======== Data records ========

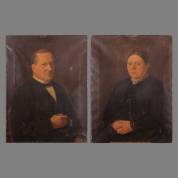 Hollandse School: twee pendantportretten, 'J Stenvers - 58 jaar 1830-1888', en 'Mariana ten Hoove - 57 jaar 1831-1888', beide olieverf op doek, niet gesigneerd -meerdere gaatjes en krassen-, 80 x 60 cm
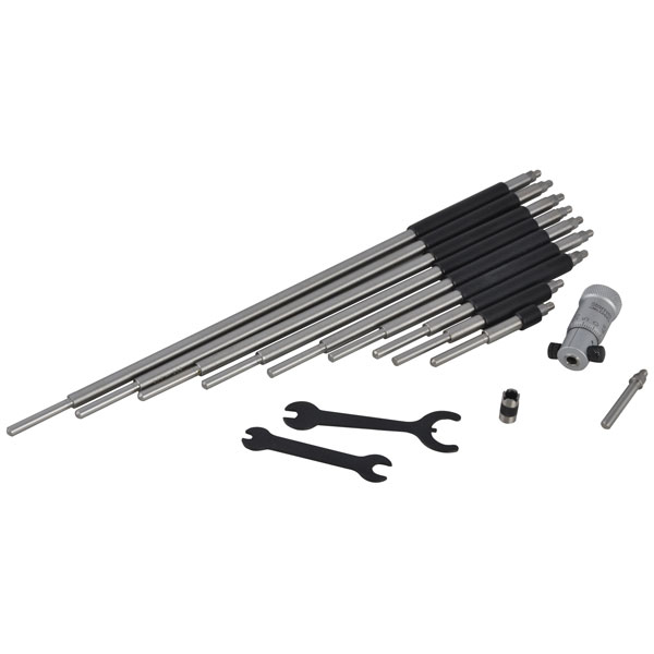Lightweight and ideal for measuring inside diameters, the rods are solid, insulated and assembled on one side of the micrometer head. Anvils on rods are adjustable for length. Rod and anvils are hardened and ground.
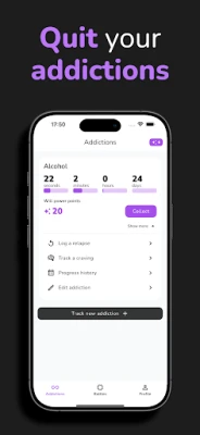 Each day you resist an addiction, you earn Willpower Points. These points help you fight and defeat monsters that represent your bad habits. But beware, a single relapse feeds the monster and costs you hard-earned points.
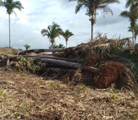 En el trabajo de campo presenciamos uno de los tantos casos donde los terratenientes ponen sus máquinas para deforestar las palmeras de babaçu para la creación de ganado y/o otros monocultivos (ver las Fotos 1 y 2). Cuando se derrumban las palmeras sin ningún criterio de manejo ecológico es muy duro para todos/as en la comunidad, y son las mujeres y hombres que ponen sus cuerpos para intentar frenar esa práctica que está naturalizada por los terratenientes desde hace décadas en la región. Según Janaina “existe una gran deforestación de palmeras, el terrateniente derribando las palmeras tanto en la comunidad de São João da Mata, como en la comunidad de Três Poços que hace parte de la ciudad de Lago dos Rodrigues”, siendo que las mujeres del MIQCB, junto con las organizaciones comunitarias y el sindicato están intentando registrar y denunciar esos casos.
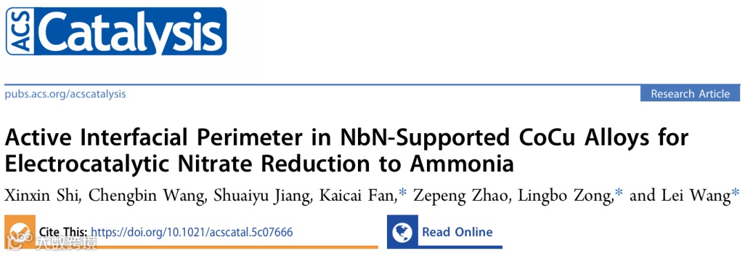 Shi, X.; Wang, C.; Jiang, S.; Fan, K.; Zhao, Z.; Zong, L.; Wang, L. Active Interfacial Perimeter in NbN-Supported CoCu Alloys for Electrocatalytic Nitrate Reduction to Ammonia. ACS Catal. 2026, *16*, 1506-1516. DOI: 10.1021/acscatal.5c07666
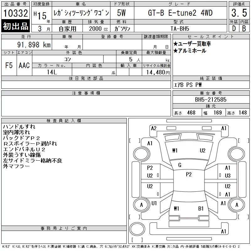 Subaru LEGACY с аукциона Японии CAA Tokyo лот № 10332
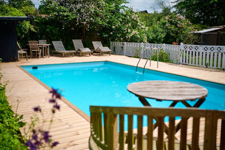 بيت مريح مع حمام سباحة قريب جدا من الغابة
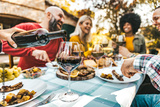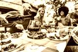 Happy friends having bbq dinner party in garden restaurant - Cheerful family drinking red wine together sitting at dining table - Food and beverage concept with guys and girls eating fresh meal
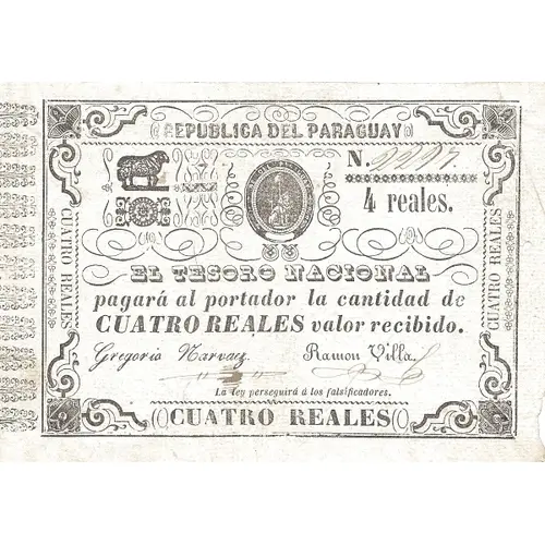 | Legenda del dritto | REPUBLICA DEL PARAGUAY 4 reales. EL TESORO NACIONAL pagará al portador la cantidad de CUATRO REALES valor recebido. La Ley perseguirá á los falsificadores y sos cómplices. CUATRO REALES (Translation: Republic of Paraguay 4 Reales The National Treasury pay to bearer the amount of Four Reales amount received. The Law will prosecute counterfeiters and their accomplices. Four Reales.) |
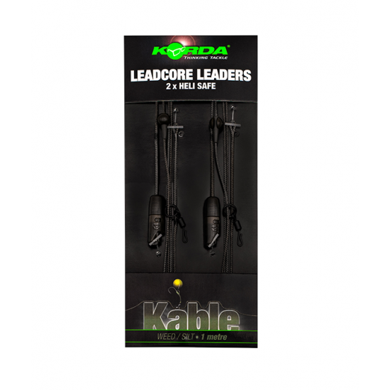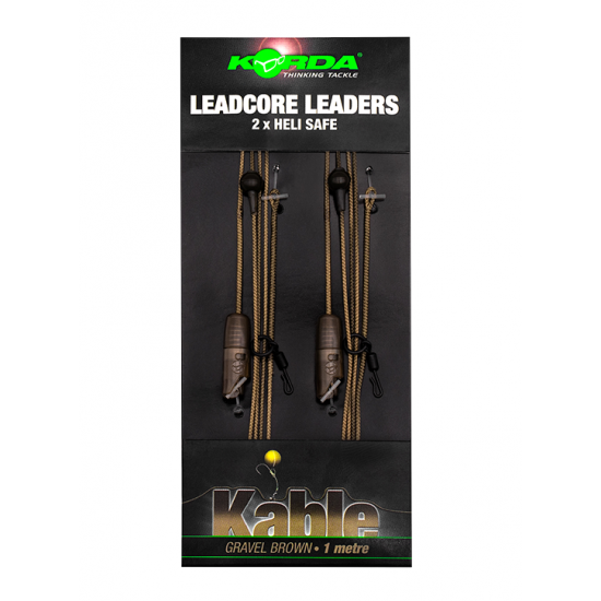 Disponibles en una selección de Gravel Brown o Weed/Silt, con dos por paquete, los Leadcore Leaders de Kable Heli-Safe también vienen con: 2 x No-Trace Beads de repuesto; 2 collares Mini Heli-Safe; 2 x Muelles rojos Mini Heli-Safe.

========

== What you have to do ==
Each line from the one that contains "بيت مريح مع حمام سباحة قريب جدا من الغابة" down to the one that contains "Happy friends having" is to be returned exactly as it stands above, both ends included, with pictures removed.

== Solution to the exercise ==
 بيت مريح مع حمام سباحة قريب جدا من الغابة
 Happy friends having bbq dinner party in garden restaurant - Cheerful family drinking red wine together sitting at dining table - Food and beverage concept with guys and girls eating fresh meal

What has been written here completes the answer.